I think it’s more about obtaining an unfair advantage through loans that are significantly below the market rate, not shareholder loans per se……simple solution is to revalue those loans at the appropriate market rate and apply them retroactively…….but you would quickly see a number of clubs fail FFP …ooops.There is clearly nothing illegal about soft loans, per se.
But here is a question. Is it actually legal to prevent an owner funding a company with soft loans? For example, directors of a company that owns a club have a Companies Act responsibility to act in the interest of the company's shareholders. There may be good reasons why the directors consider soft loans to be in the interests of the shareholders. Who are the PL to say they can't do that?

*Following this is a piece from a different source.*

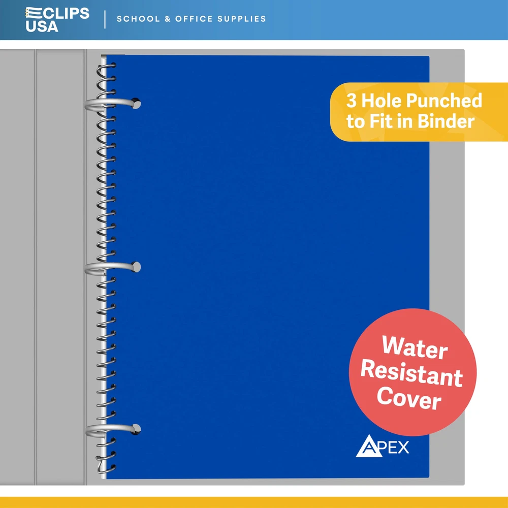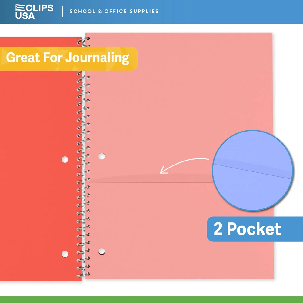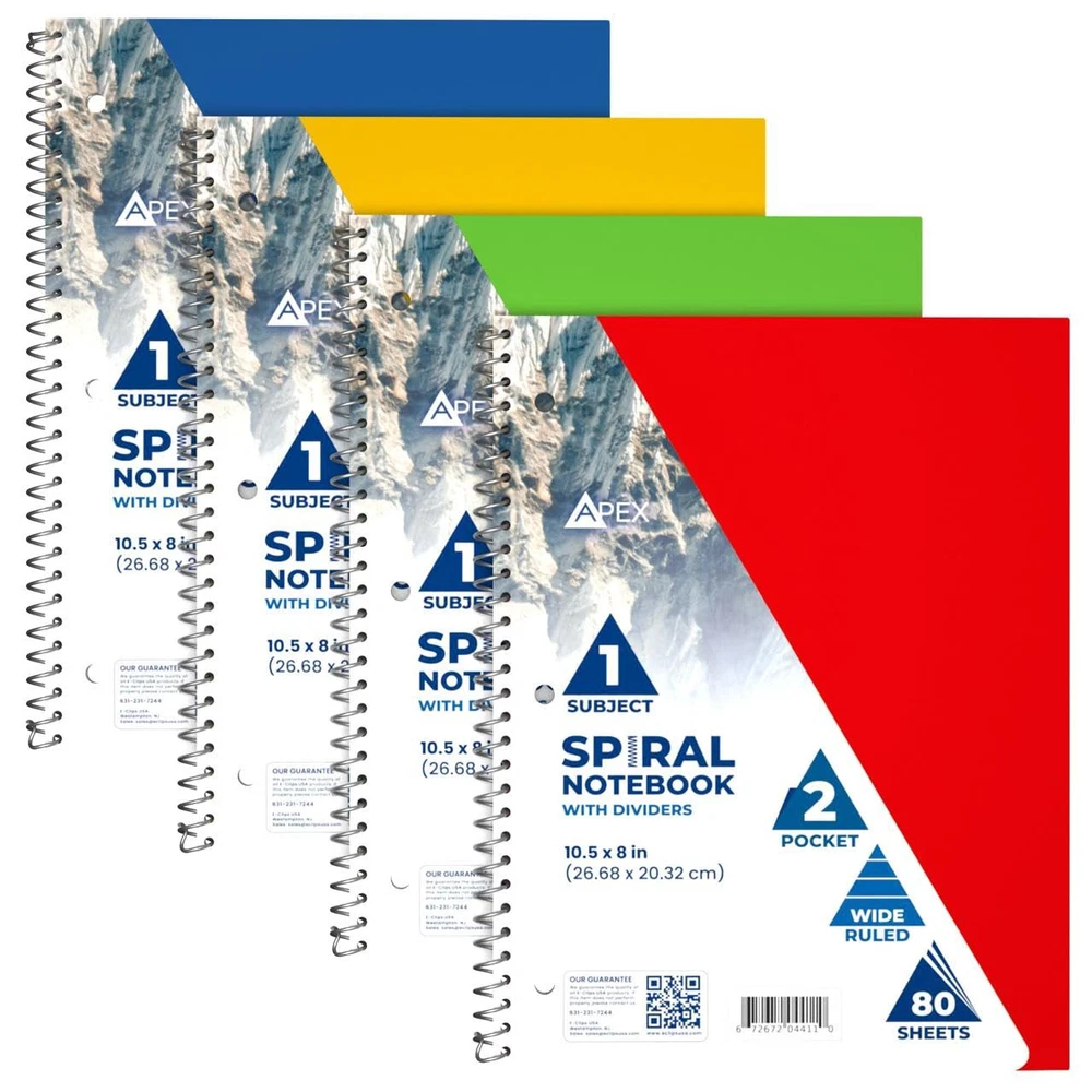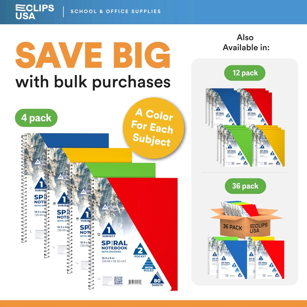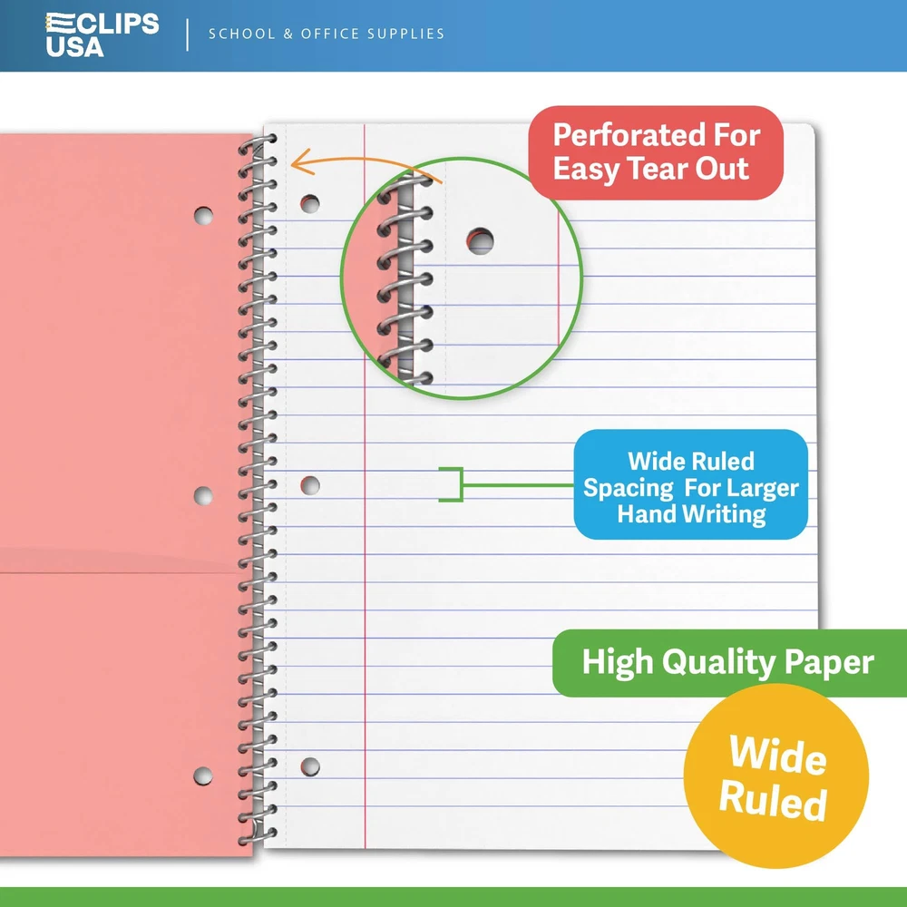 Spiral Notebooks (36 Pack) Single Subject Spiral Notebook Wide Ruled Personal and School Approved Use Dimensions 8″ x 10.5″ 2 Pocket storage 80 sheets Poly protective water resisant cover Spiral binding 3 holed (For binders) High tech micro perforation (for easy tear off) Wide ruled 4 Assorted colors (Use a color for each subject) Blue ink with red ink margin lines High quality high bright paper Whether you're using these single subject notebooks bulk for school, home, or professional use, the right quality supplies can make all the difference when it comes to note books. That’s why we put together this high quality notebooks bulk set. HIGH QUALITY SPIRAL NOTEBOOKS - 80 Sheets per spiral notebook. Strong steel wire notebooks. 3 Hole punched sheets for binders. GREAT FOR SCHOOL OR OFFICES - Spiral notebook wide ruled have the perfect line spacing for those with larging writing.Poly protective water resisant cover. BULK VALUE - Get your wide ruled spiral notebooks in bulk at the perfect value. Vibrant color spiral notebook 8 x 10.5, a color for each subject. PERFECT FOR YOUR OFFICE & JOURNAL WRITING - Wide ruled notebooks are perfect for record keeping or journal writing. 2 Pockets storage for organizing your papers. STURDY AND DURABLE - Lightweight sturdy and durable spiral notebooks wide ruled. Easy to tear pages, ink does not bleed through. WATER RESISTANT POLY COVER - Our poly cover 1 subject spiral notebooks have strong durable water resistant polyurethane covers. They are built to last and made easy to clean off spills and drips protecting your notes.
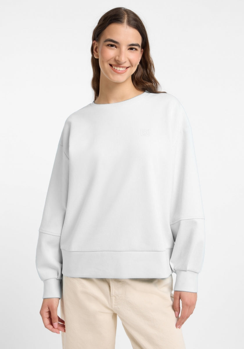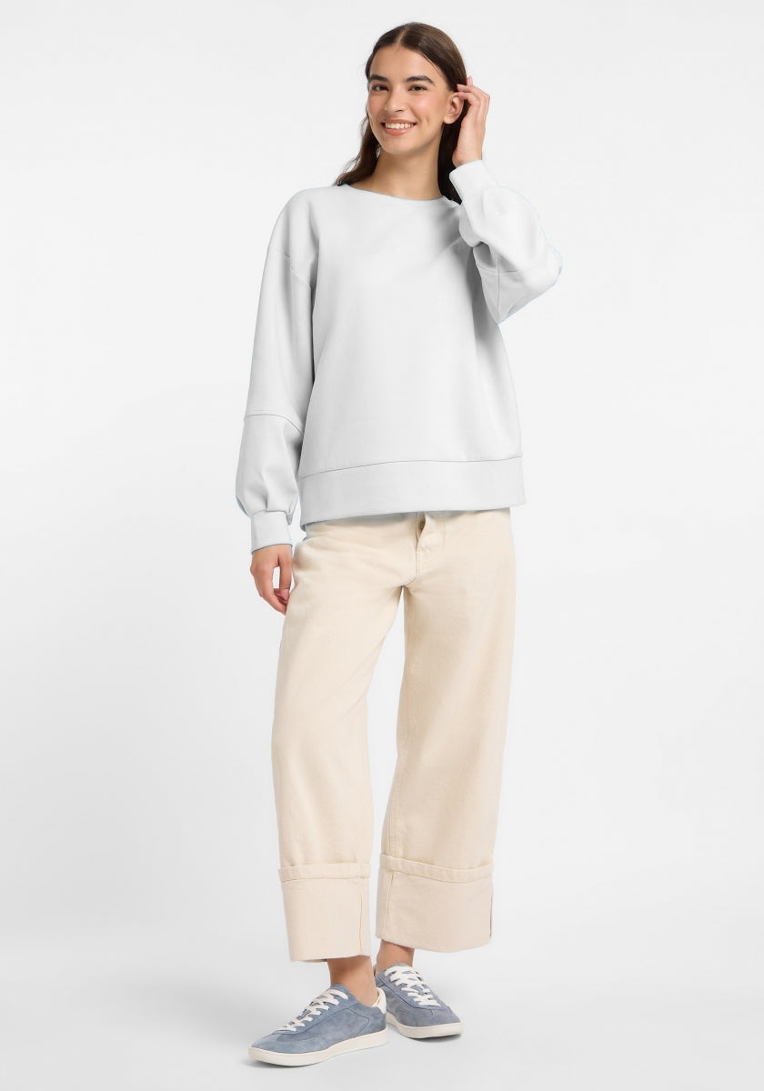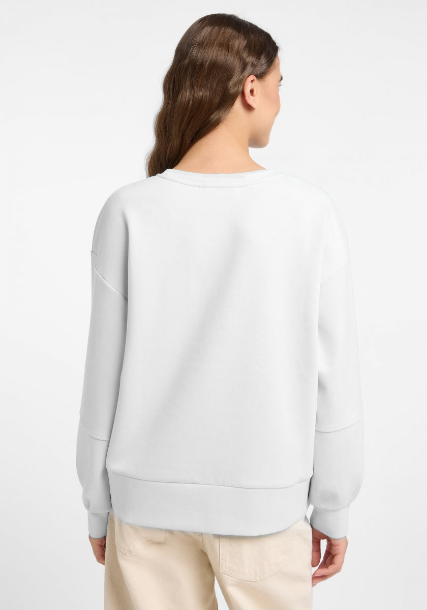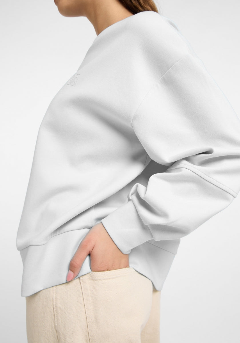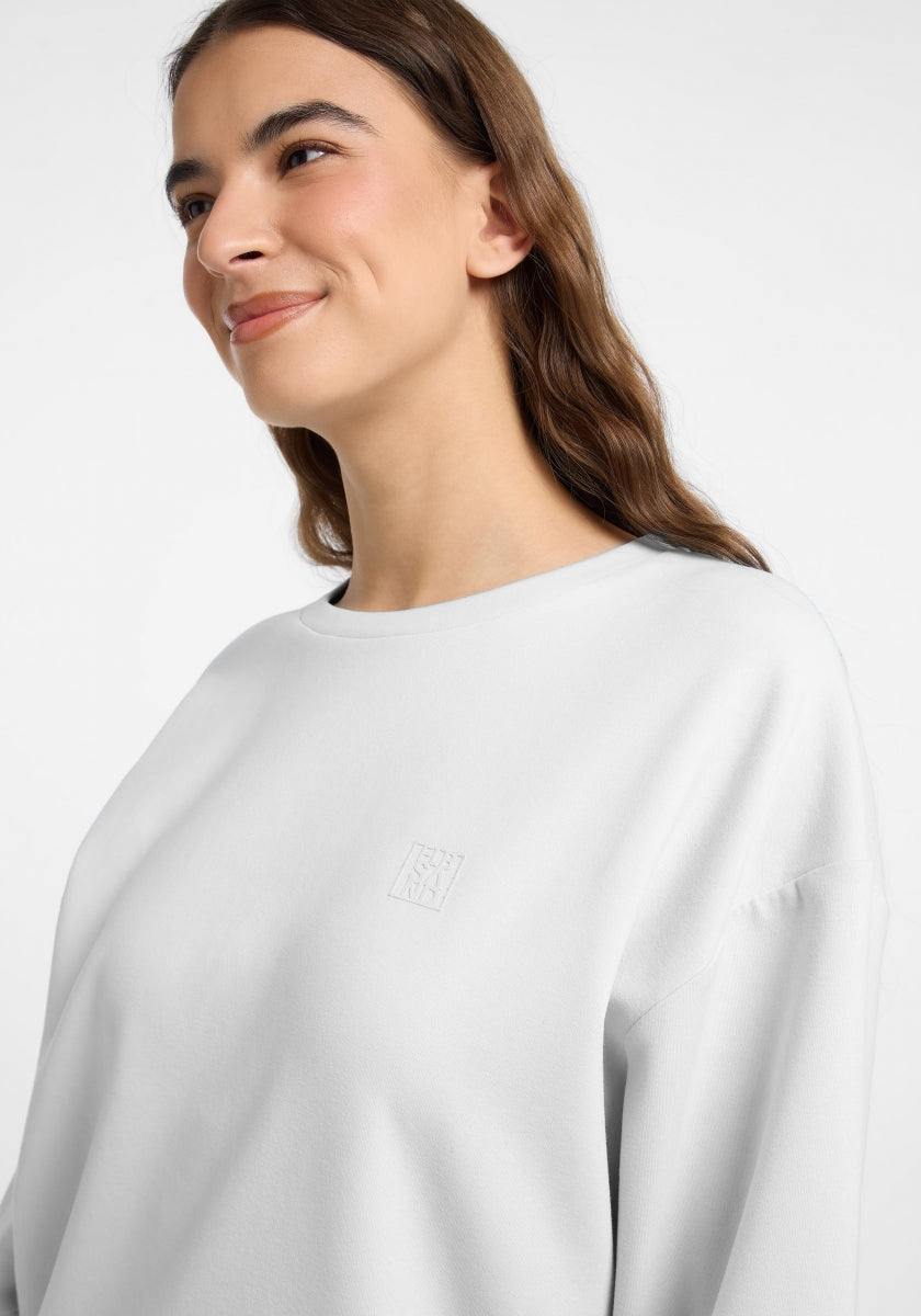 Our Elbsand Geske Sweatshirt features a loose and comfortable fit made from soft interlock sweatshirt fabric. It has a crew neckline, dropped shoulders, cuffed sleeves, and built-in pleats. A subtle, slightly glossy rubber print on the front gives the shirt a high-quality, understated look. This sweatshirt combines comfort and style for everyday wear, perfect for walks, the office, or after work. Made from 82% organic cotton, 14% polyester, and 4% elastane, it is machine washable at 30 degrees on a gentle cycle and not suitable for tumble drying.

Is it not abuse of a dominant position to force an owner to restructure its funding (that is what the current APT rules require), potentially unfavourably to the shareholders.
It's the same question as forcing a club to renegotiate downwards (or upwards!) a sponsorship contract which was accepted by both parties as being to the benefit of the shareholders.
Which responsibility takes precedence? The responsibility of the directors of the club, or of the club owners, to their shareholders, or the contractual responsibility set out in the PL rules?
Or maybe I am missing something simple. It wouldn't be the first time ......
If we take this back to the very basics, what is the problem with an owner investing their money into their company? This is the elementary problem of FFP/PSR.I think it’s more about obtaining an unfair advantage through loans that are significantly below the market rate, not shareholder loans per se……simple solution is to revalue those loans at the appropriate market rate and apply them retroactively…….but you would quickly see a number of clubs fail FFP …ooops.
And in some cases like Everton’s, they would never have got a loan on anywhere like favourable terms due to their financial situation….so what do you do in that/those type of cases….a proper premier league pickle….lol
If we take this back to the very basics, what is the problem with an owner investing their money into their company? This is the elementary problem of FFP/PSR.
Cutting to the chase, FFP & PSR were evidently brought in to stop the wealthier Manchester City from competing with the cartel, whilst allowing the cartel to keep spending their way to success.
City have found ways around this obvious con, hence why UEFA & the PL keep moving the goal posts & closing loopholes, which has been as effective as closing the stable doors after the knackered old donkey has bolted for the hills.
This is why I rarely get into the weeds of this farce with opposition fans. It's like holding an argument over whether Santa Claus will be wearing red or sky blue this Christmas? Santa doesn't exist, which renders the opinions moot.
The only reason FFP/PSR/APT are still a thing 15 years after their introduction is because UEFA & the PL are judge, jury & executioner where football is concerned. The two times external arbiters have ruled on their judgements, they've found against them, but as long as UEFA & the PL are allowed to self regulate, they'll continue to concoct further cunning plans to stymie Manchester City.
It's like we're the birds in a long running series of the Wile E Cayote or Catch The Pigeon.